“Are you poor, too?” she asked, with childlike confidence—and a most unchildish and unnatural sadness was in her voice as she spoke.
“Yes, I am poor—I paint pictures for a living, Alice. I shall not grow rich in a day,” said the artist, and his words were uttered with not quite the usual, light-hearted happy tone.
Probably my reader will not soon, if ever, see the original painting executed on that day which ever after remained a date so memorable in the recollections of Martin Gray. Let me, therefore, here state that the Sunrise was a portrait quite dissimilar to those we usually see of young children.
“Now lie quietly, Alice, for a moment,” said Martin. He had placed her on the ancient lounge, the only reasonable piece of furniture in the room. “Now close your eyes—ah! not so close, let them be half open, as though you were just waking up—now I will paint a picture the world shall wonder at! Yes, I also will make a Sunrise!”
Quietly and motionless, as though bereft of life, the child lay and watched the artist’s movements; in him she forgot herself, consequently had none of that intense consciousness of expression so often perceivable in the portraits of people who become immortalized, and perpetuated on—canvas!

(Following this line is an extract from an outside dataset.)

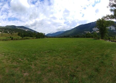 Hauptlandeplatz von Saint André beim Campingplatz für Drachen und Gleitschirm. Der Landeplatz ist sehr groß, ca. 400m, und hindernisfrei.
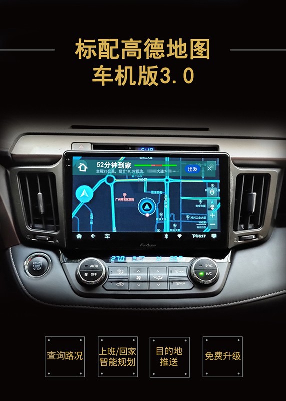 标配高德地图车机版3.0,专业级GPS定位精度范围<5m。支持实时路况,躲避拥堵;路线智能规划,多策略多路线目的地推送;免费在线升级、离线地图等。

What a sight to see! the lonely desolate places where the impoverished children of Genius, the painters, sculptors, and poets, have with patient but almost hopeless toil wrought out their wonder-works!
Oh! eyes whose range of vision was circumscribed by four contracted walls, have looked on scenes of rarer and richer beauty than travelers in many climes have seen; and voices, husky, tuneless with want and grief, have breathed, even when tortured with the death-agony, songs, that the world has hushed its mighty voice, and its tumultuous heart to hear; warriors have conquered on battle-fields, whose inspiration was the song that burst from the dying son of poverty, while pain and fever prostrated him, who kept back by force of mind the advance of death, until the strain of glory should be fully and perfectly conceived!
An hour passed, and not for one moment had the hand of the artist paused—it is enough to say that even he was satisfied with the progress he had made in those swift-winged sixty minutes.
Upon the easy couch Alice had fallen asleep, unperceived by the young painter—he awakened her with some regret, but the time he had promised to keep her with him was passed, and Martin had little inclination to brave the wrath of the mother’s tongue. Thoughtfully he led the child to her home, and when he parted with her there, it was with a heart full of sorrow, for he knew that a life of hardship, and want, and temptation, was in store for the beautiful girl.
“Poor and handsome,” thought he—“God protect her! To be sure it would be a sad sight were the innumerable host of poor people all hideously ugly—and as to the necessity of the thing, such folks would seem to require the simple pleasure of being admired, inasmuch as they are debarred from participating in all amusements and enjoyments that cost money, and beauty costs nothing. And yet Heaven have mercy on the poor family that boasts of a beauty! as surely as the sunshine, pride will creep in under the door-sill or by the window, and certainly in a covert manner. The pretty daughter must be prettily dressed, even at the expense, and by the self-denial of the more plainly gifted remainder of the family. Then come struggles, heart-bitterness and envy—God be thanked if hatred and malice do not also come! Now there’s that little Alice Flynn—if she were only my sister, or one over whom I had the shadow of control! Oh! that I were only rich! She ought to be educated! Heavens! what a smile—and what a mind she has—she thinks! God defend her!”